97%+ of NFTs from 2021–2022 are worth nothing today. Anonymous teams with no product. Roadmaps that never materialized. Wash trading disguising real demand. The "jpeg speculation" era is over. If an NFT had no utility and no genuine community in 2022, it's gone. The lesson: digital scarcity alone isn't value — utility and community create value.
CryptoPunks: floor ~32 ETH ($112K). Down from 100 ETH peak but stable as art/cultural artifacts. BAYC: floor ~13 ETH — maintained through Yuga Labs brand building. Art Blocks (Fidenza): treated as genuine fine art by collectors.

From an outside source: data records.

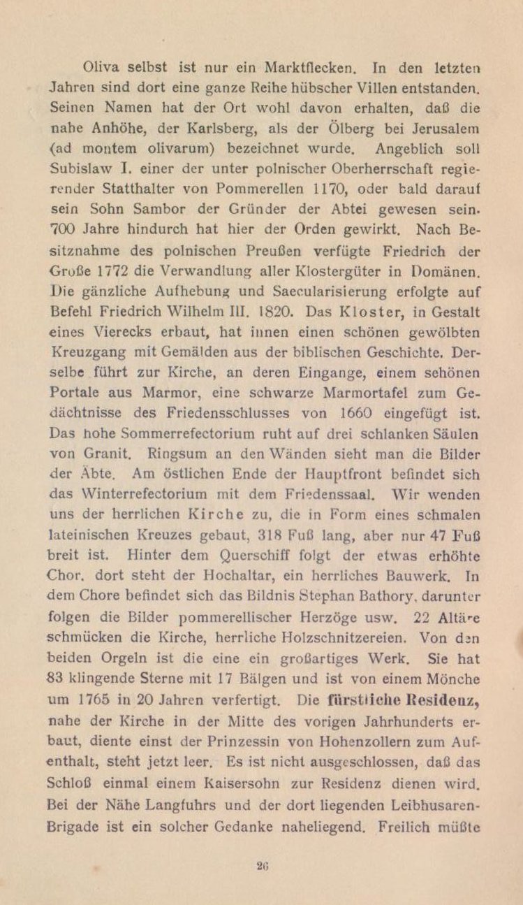 Oliva! — eine Minute! — so ruft uns der Schaffner entgegen. — Schnell raffen wir unser Gepäck zusammen — dam verlassen wir den Zug, der‘uns von Danzig in kaum 15 Minuten nach der alten Cisterzienser-Abtei, berühmt durch den Frieienssehluß im Jahre 1660. gebracht hat.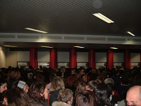 Questa è la folla che ci si è presentata alle 9.30 al nostro arrivo. Laggiù, proprio di fronte, è possibile immaginare Berty: è in coda mentre cerca di conquistare i biglietti d'ingresso.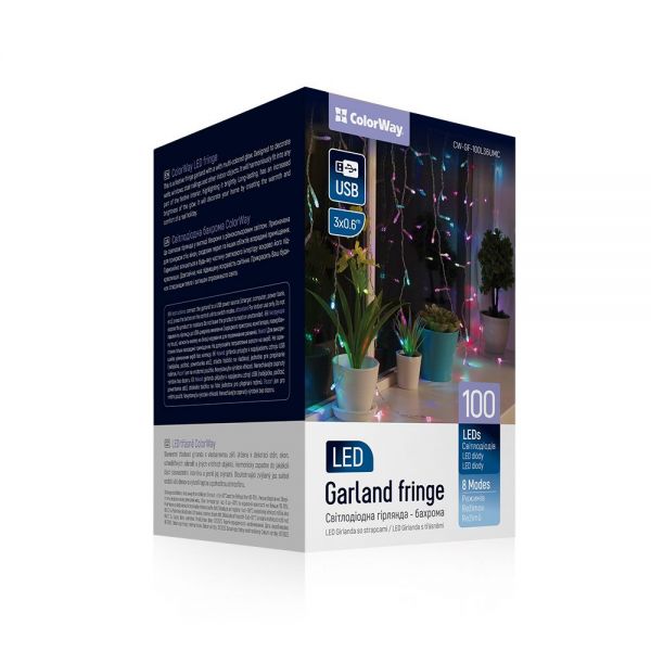 Светодиодная гирлянда ColorWay (CW-GF-100L36UMC) бахрома 100LED, 3мx0.6м, разноцветная USB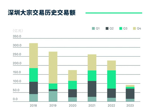 2023年第四季度,深圳大宗交易市場僅錄得2宗交易,一宗為寫字樓,一宗為工業(yè)物業(yè)?傮w成交金額共人民幣7.6億元,環(huán)比錄得49.2%的漲幅,但是同比仍有較大差距。季內(nèi)的兩宗交易均采取資產(chǎn)交易的方式進行,且買家均來自企業(yè)。2023全年深圳大宗交易市場表現(xiàn)平淡,共錄得26宗交易,總體成交金額為人民幣77.6億元,僅相當于去年交易額的36.0%,主要原因在于一方面,受企業(yè)謹慎擴張情緒影響寫字樓物業(yè)租金走弱,另一方面是因為超大額度的交易依然還在進行中,尚未完結(jié)。

Pudgy Penguins: physical toys at Walmart + blockchain = hybrid model that works. These survived because they had real community value, not just hype.
Gaming NFTs are the healthiest NFT sector in 2026. Why? Utility. A gaming NFT (sword, character, land) is worth something because other players need it in an active game. SUI hosts 12 of the top 30 blockchain games — SuiFrens hit 2.8M minted. Gods Unchained, Parallel, Pixels have active player economies. This is NFTs with a purpose.
Music NFTs on Royal.io and Sound.xyz let fans own royalty shares — real streaming revenue deposited quarterly. This solves a real artist monetization problem. NFT tickets for concerts (no scalpers, programmable royalties on resale) are growing. Luxury brand authentication NFTs (Louis Vuitton, D&G). The future: NFTs as digital contracts and access rights, not JPEGs. Utility always wins.